翻って忠誠心っていう言葉には上下の関係性が見えてきますよね。上司に服従する部下とかそういうニュアンス。で、ウッディは「自分には忠誠心がある。というか忠誠心しかもはやない」という思いをぶちまけるわけです。今ボニーの遊び相手になれない自分がしてあげられることは忠誠心を示すことぐらいだと。だからフォーキーを助けに行くんだと。

 

この彼の発言を聞いたときに、僕は「ウッディはこのままじゃあ不幸になっていくだけじゃないか?」と思いました。もはやおもちゃとしての役割も全うできず、かといって自らに言い聞かせるように吐き出した忠誠心ですら、今の持ち主であるボニーには届かない・・・。報われないままボニーのもとに居続けたらウッディはどうなってしまうのか?かつて出てきたおもちゃたちのように、やがて人を恨むようなおもちゃになってしまうのでは?そんな風に思ったわけです。

 

役割に固執すること、特に認められない報われない役割に固執することは誰にとってもプラスにならないのではないかなと。

 

新たな役割を手に入れたウッディ。個人的にはこれでよかったとは思うが………

フォーキーを無事ボニーの元に戻したウッディはボーといっしょに新たな役割を担うことになります。それは「今まで子供のもとに行ったことがないおもちゃたちを子供につなげていく」というものです。

 

ウッディ自身は過去に自分が全うしたおもちゃとしての役割を否定しているわけではありません。実際ウッディにとってアンディと過ごした日々は幸せそのものだったし、その幸せを他のおもちゃたちにも味わってもらいたいというのは本心でしょう。

 

個人的にはこの結末でよかったとは思います。
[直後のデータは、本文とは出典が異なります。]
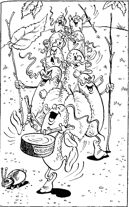 Тут же был объявлен рекрутский набор огурчиков, хотя от желающих пройтись парадным маршем перед Его Величеством Огурцием Первым и так не было отбоя. Среди новобранцев нашелся даже один поэтически одаренный Огурчик, который тут же на ходу сочинил походную песню. Он ее запел, а остальные подхватили. Это было очень просто, потому что в припеве было только два слова: ать и два. Огурчик пел так: Мы, мы, мы – огурцы.Ать-два-ать.Все, все, все – молодцы.Ать-два-ать.Все как один – удальцы.Ать-два-ать.Все как один – храбрецы.Ать-два!Остальные подхватили, разумеется, со вставкой «ать-два».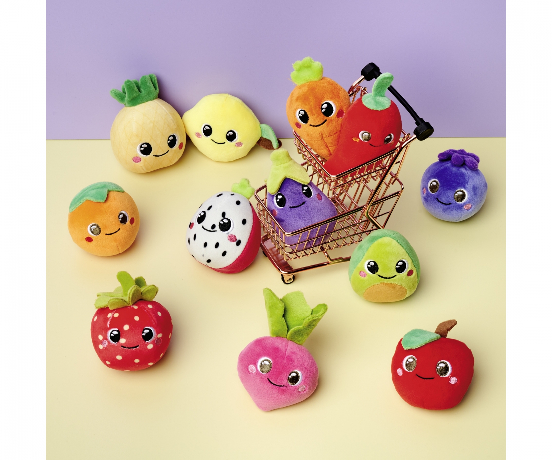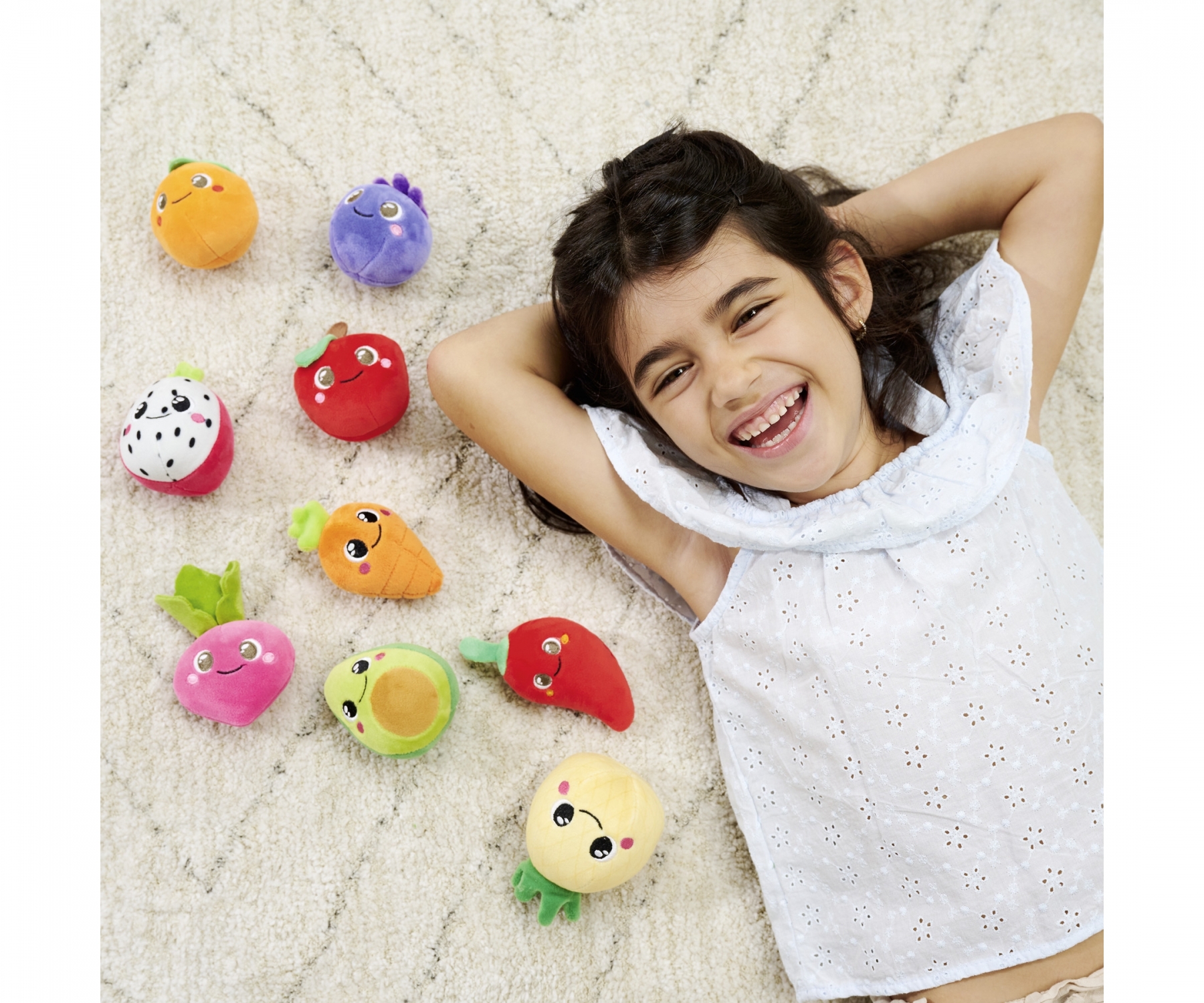 – Vari amici della frutta e della verdura – La collezione offre 12 diversi peluche che i bambini possono collezionare, scambiare e portare con sé ovunque vadano. Grazie al materiale particolarmente morbido e alle dimensioni compatte, i piccoli peluche si adattano perfettamente a borse e zaini, ideali per i viaggi!

ウッディが闇落ちせず自尊心を保ったまま子供のため→おもちゃのためという新たな役割を自ら見出して活動できることは喜ばしいことではあります。

 

ただ、それは本作の中ではという感じかな。『トイ・ストーリー4』というお話であれば、この結末は納得なんだけどやっぱり前作の終わりがあまりにきれいで感動的だったもんで、この続きをあえて作ろうとしたのはなぜなのかな?と考えてしまったり。なんつーか、3後の話は想像の中で終わって具現化されなくてもよかったんじゃないかななんて思ったりしました。おもちゃの役割を全う出来たままで終わらせてあげてほしかったかも。

 

まぁ、とはいえやっぱりトイ・ストーリーという作品は面白いし相変わらずCGの美しさや滑らかさには感動しちゃうし賛否両論あろうとも観ておいて損はない作品だと思います。ぜひ劇場でご覧になってみて本作について考えてみてもらえればなと思います。